Regulation of soluble guanylyl cyclase by phosphorylation

Abstract

Results In vitro kinase assays revealed that the α1, but not the β1, subunit of sGC is a PKG substrate and that the phosphorylation site is located within the first 360 residues of the α1. A constitutively active form of PKG stimulated incorporation of 32P into the α1 subunit in vivo. In addition, PKG could be detected in sGC immunoprecipitates, suggesting that the two proteins interact in cells.

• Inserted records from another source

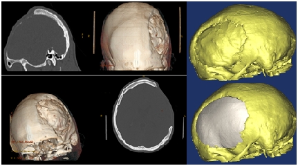 Radi se o devetnaestogodišnjem pacijentu iz Konjica, koji je dvije godine ranije preživio tešku povredu glave iza koje je zaostao veliki defekt svih kostiju lijeve polovine lobanje, uključujući dio baze lobanje i zida očne duplje. Primjenom standarnih metoda u neurohirurgiji i estetskoj hirurgiji nije bilo moguće uraditi vjerodostojnu estetsku i funkcionalnu rekonstrukciju lobanje.
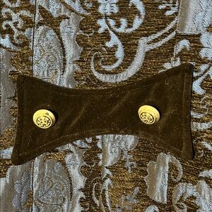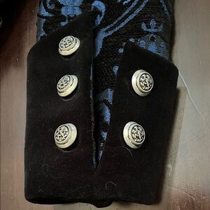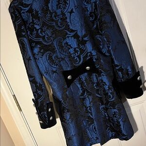 Stunning blue and black brocade coat with silver buttons. Perfect for a bold statement.
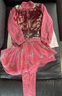 Girls Size 7 Outfit with tutu skirt, tights, unicorn long sleeve t-shirt and sequins zip up jacket.$10Cincinnati, OH
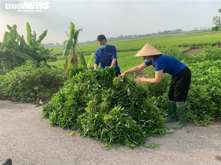 Khoảng 3.000 mớ rau được hái từ ruộng của các gia đình trong phường Kim Chân được cung ứng cho người dân vùng dịch.
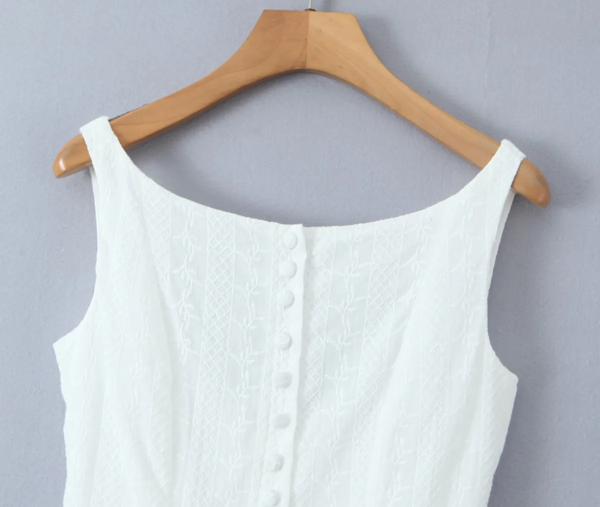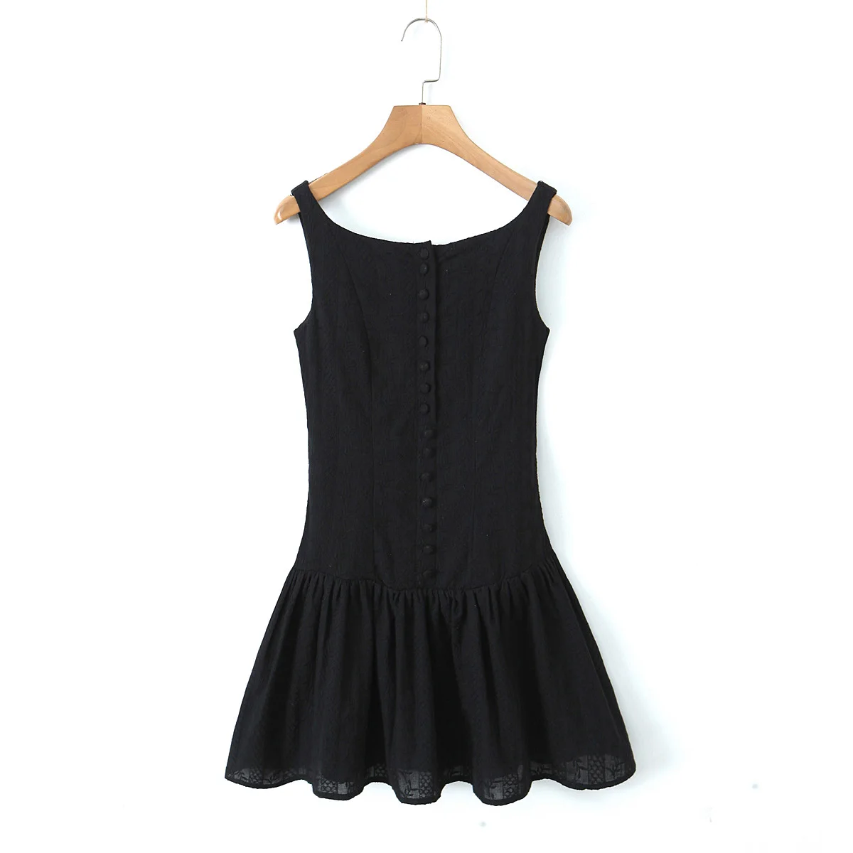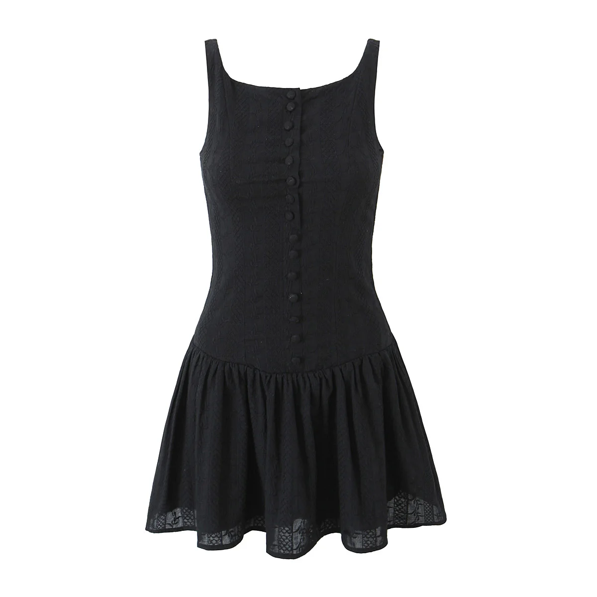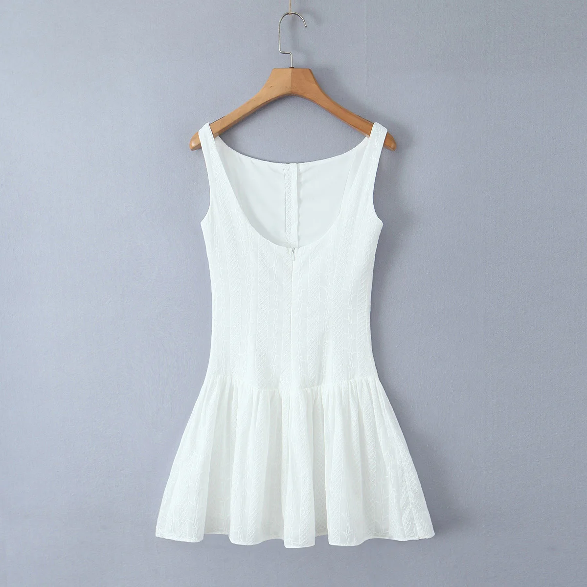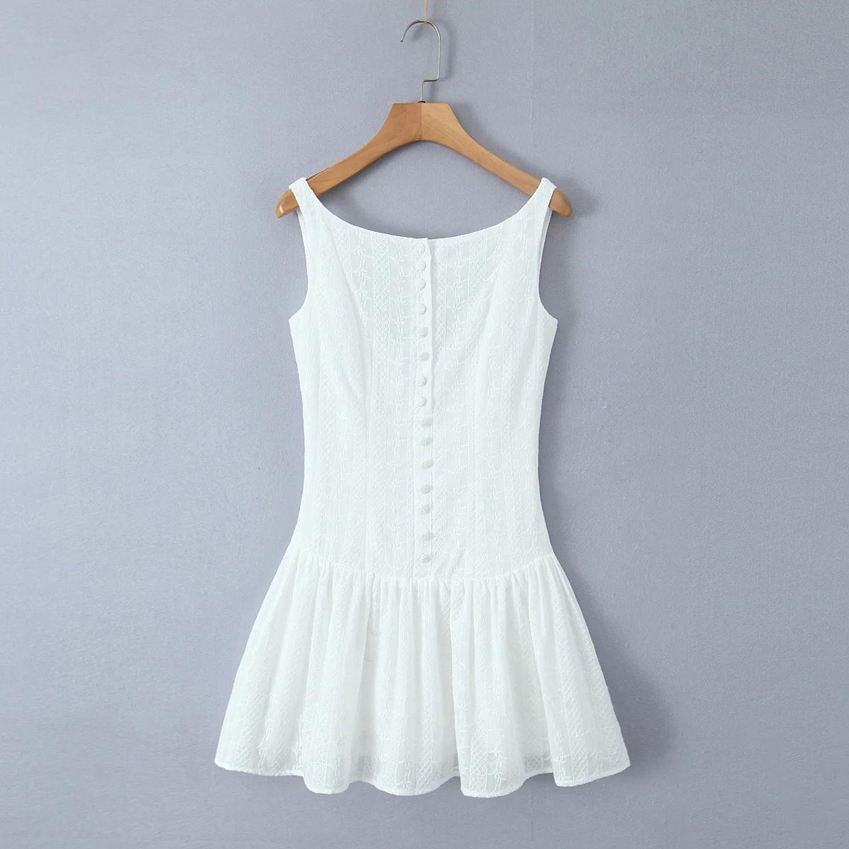 Fleepmart Sexy Embroidery Lace Low Waist Mini Tank Women Open Buttons Neck Sleeveless Ruched Party Robe

Serine to alanine mutation of putative PKG sites revealed that Ser64 is the main phosphorylation site for PKG. After generating a phospho-specific antibody for Ser64, we could demonstrate that phosphorylation of endogenous sGC on Ser64 increases in cells and tissues exposed to NO. Phosphorylation of sGC in cells following SNP stimulation was blocked by the peptide inhibitor of PKG, DT-3. Wild-type (wt) sGC when co-expressed in COS cells with a constitutively active form of PKG exhibited lower basal and NOstimulated cGMP accumulation. In contrast, the S64A α1/ β1 sGC was resistant to the PKG-induced reduction in activity. Moreover, co-cultures of endothelial cells with smooth muscle expressing a phosphorylation-resistant form of sGC, exhibited higher levels of cGMP (both basally and following stimulation with bradykinin) compared to co-cultures expressing wild-type sGC. Phosphorylation of the α1 subunit did not alter its ability to form heterodimers with β1. Using purified sGC and mutants, we observed that the S64D α1 phosphomimetic/β1 dimer exhibited lower Vmax; moreover, the decrease in Km after NO stimulation was less pronounced in S64D α1/β1 compared to wt sGC. Expression of a phosphorylation deficient form of sGC showed reduced desensitization to acute NO exposure and allowed for greater VASP phosphorylation.